Bu yıl San Sebastian Caz Festivali’nde 5 gün boyunca 16 sahnede gerçekleştirilen 90 konsere 191.000 kişi gelerek tüm zamanların katılım rekorunu kırmış. Ücretli 21 konserin 15’inin biletleri 1 haftada bitmiş. Trini’deki 4 gecenin 3’ünde, Kursaal’daki 5 konserden 3’ünde, San Telmo Müzesi’ndeki herkes için, Sala Club’daki iki konser için, JazzEñe girişimi ve María Cristina Otel’de gerçekleşen konserler için dünyanın 40 ülkesinden toplam 18.882 bilet satılmış. Ücretsiz konserler ise 172.000 kişiyi bir araya getirmiş.

Photo: INSTANTZZ AKA Galería fotográfica AKA
Biz 21 Temmuz’da Kenny Barron Trio with Strings konseriyle başladık. Daha önce CRR’de izlediğim aynı üçlüyü bu kez Basque Youth Orchestra Strigs (25 kişilik) ile dinlemek çok heyecan vericiydi. Piyanoda Kenny Barron’a basta Kiyoshi Kitagawa davulda ise Jonathan Blake eşlik etti. Bu yazının yazılmasını geciktirmek konser videolarının Youtube’a düşmesini beklemek amaçlı oldu. Jazzaldia 10 gün önce yüklemeye başladı.
Ertesi gün, 22 Temmuz’da Jazzene’de Victoria Eugenia Tiyatrosu’nda piyanist Lucia Ray Trio ve MOVE’u dinledik. Lucía Rey (piyano), Ander García (kontrbas), Alberto Brenes (davul)’da etkileyici bir konser çaldılar. Farklı tarzların (flamenko, Latin jazz, Akdeniz müziği, klasik, pop…) çağdaş jazz açısından füzyonunda uzmanlaşmış bu gruba 2017 yılından bu yana piyanist ve besteci Lucía Rey liderlik ediyor. Grup, Madrid Uluslararası Jazz Festivali, Getxo Uluslararası Jazz Festivali, Jazz Plaza (Küba), Parkta Jazz (Romanya), EUNIC Festivali (Bükreş); Jazz en la Costa, Lugo Jazz Festivali, Cadiz Jazz Festivali, JAZZ I AM’de yer almış. En son albümleri Nómadas, çeşitli dokulara sahip kompozisyonların bir özetidir. Egzotik yerlere çağrıştırıcı bir yolculuk sundular.
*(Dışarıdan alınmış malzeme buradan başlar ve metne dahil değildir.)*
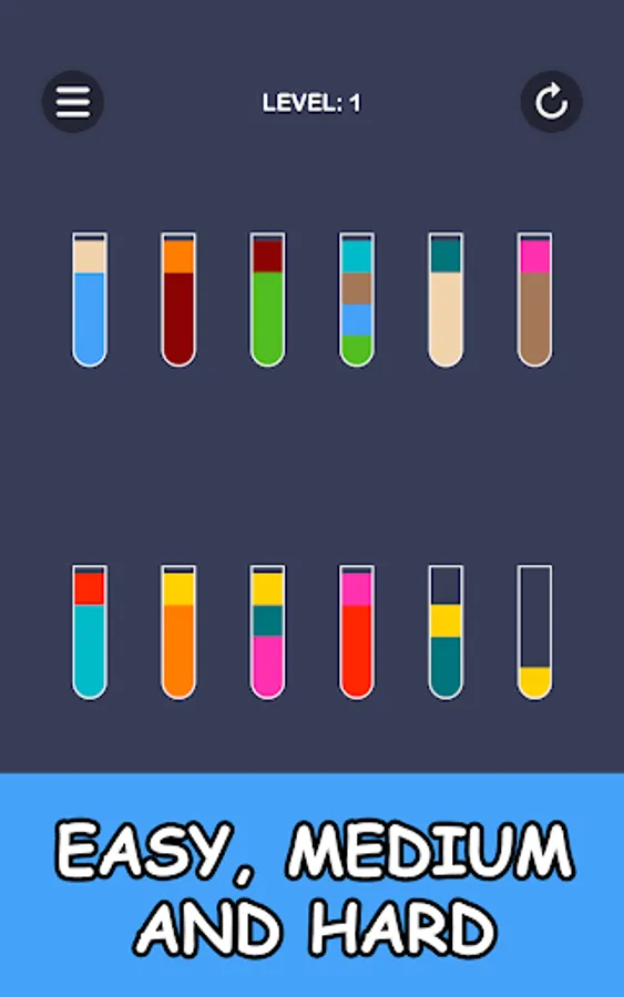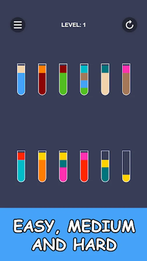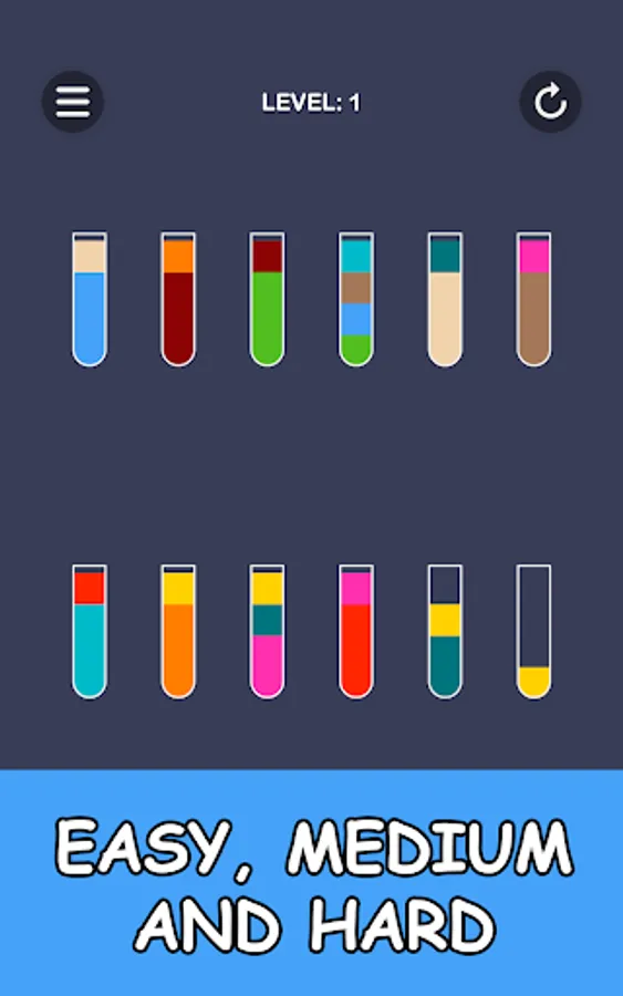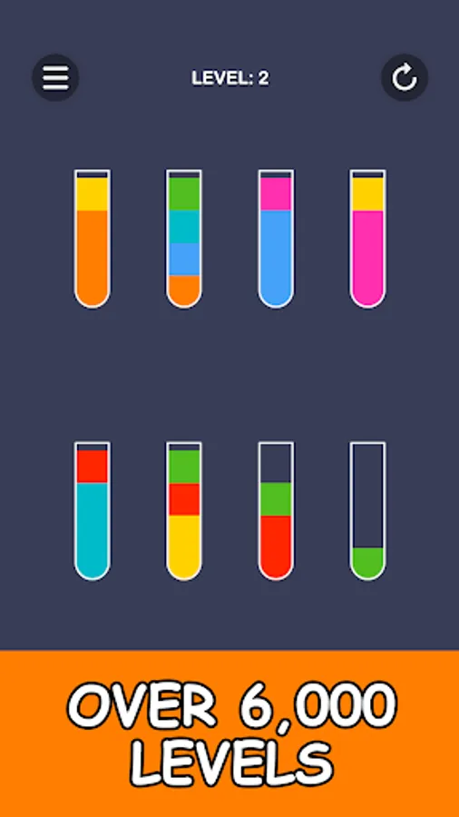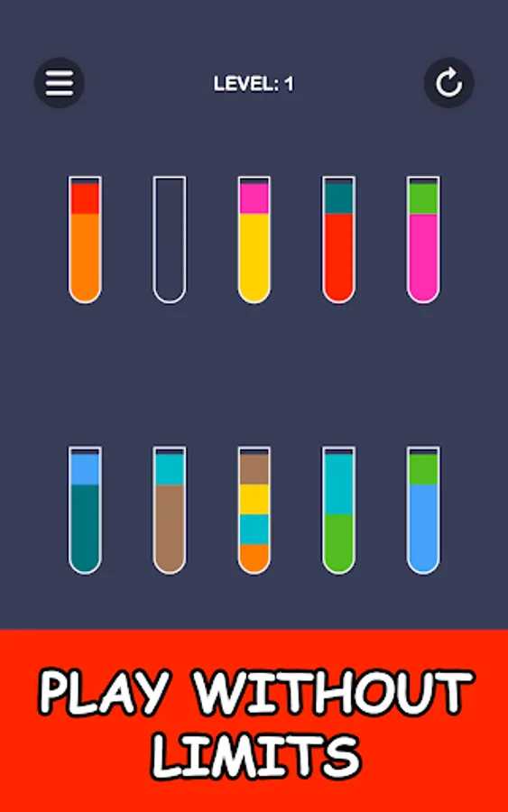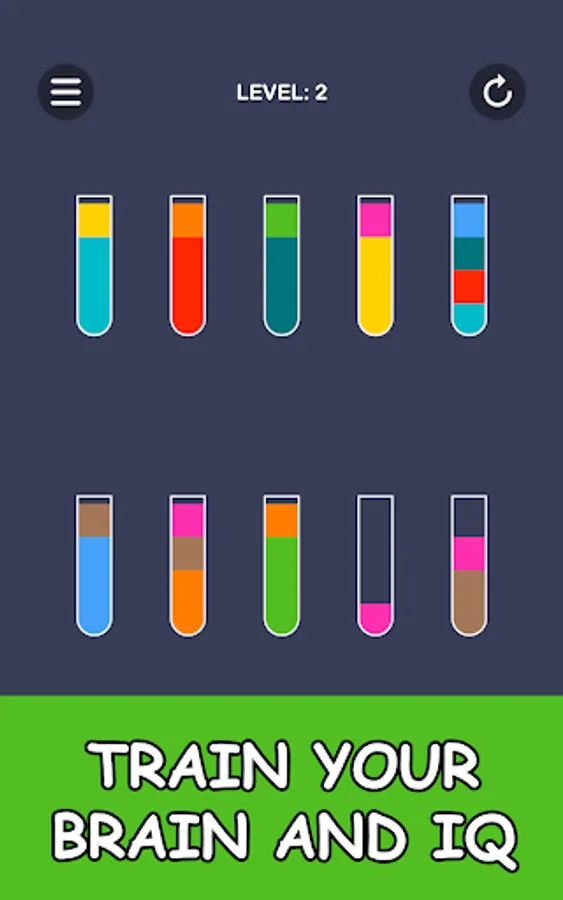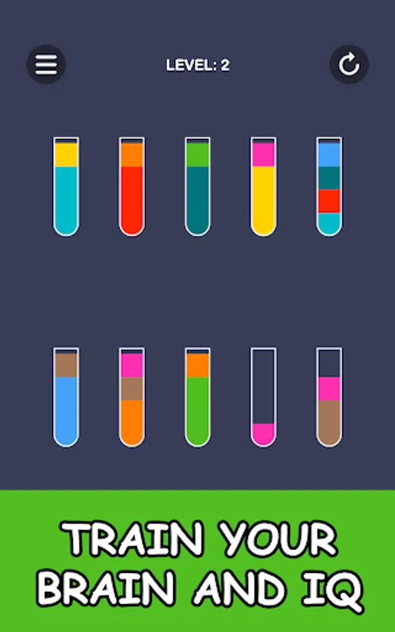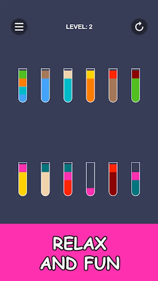 Color puzzle in which you have to pour juice into glasses. To pass the level, all the colors of the juice must be in separate glasses.
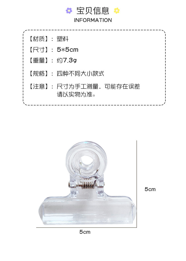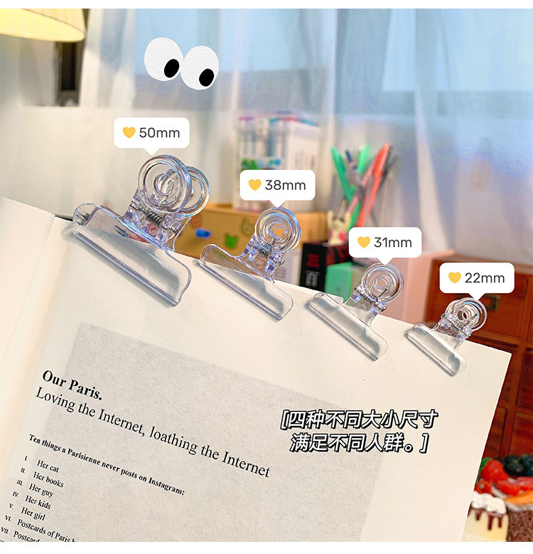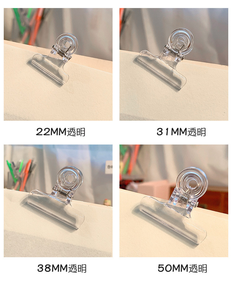 日系无印风透明小夹子 简约塑料多规格学生试卷装订长尾夹文件夹
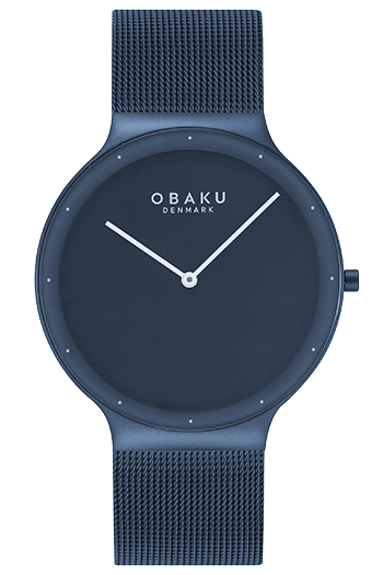 Obaku NET Marine Ultra delgado y fabricado con cristal de zafiro, este reloj para hombre de 40 mm presenta una esfera azul profundo con marcadores sutiles en los bordes y agujas claras para un contraste nítido. El cristal de borde a borde se integra con la pulsera de malla azul mediante una solución

MOVE Alberto Arteta (ts), Javier Callén (b), Miguel Benito (d), Iñigo Ruiz de Gordejuela (p)’dan oluşan genç bir grup. Kısa süre önce kendi adını taşıyan ilk eşsesli albümünü yayınlayan, beş yıllık aralıklı geçmişe sahip bir dörtlü. İngilizce hareket ve seyahat ile eş anlamlı olan grup adını da aynı anlamda kullanıyorlar. Her konser, uzay-zamanda bir araya gelen bir fikir akışını beraberinde getiriyor. Öncülüğünü kontrbasçı Javier Callén’in üstlendiği bu dörtlü, mükemmel bir uyum içinde, jazz, klasik ve folklorik geleneğe kök salmış ayakları ile çağdaş pop müziğin avangardına doğru yükseliyor.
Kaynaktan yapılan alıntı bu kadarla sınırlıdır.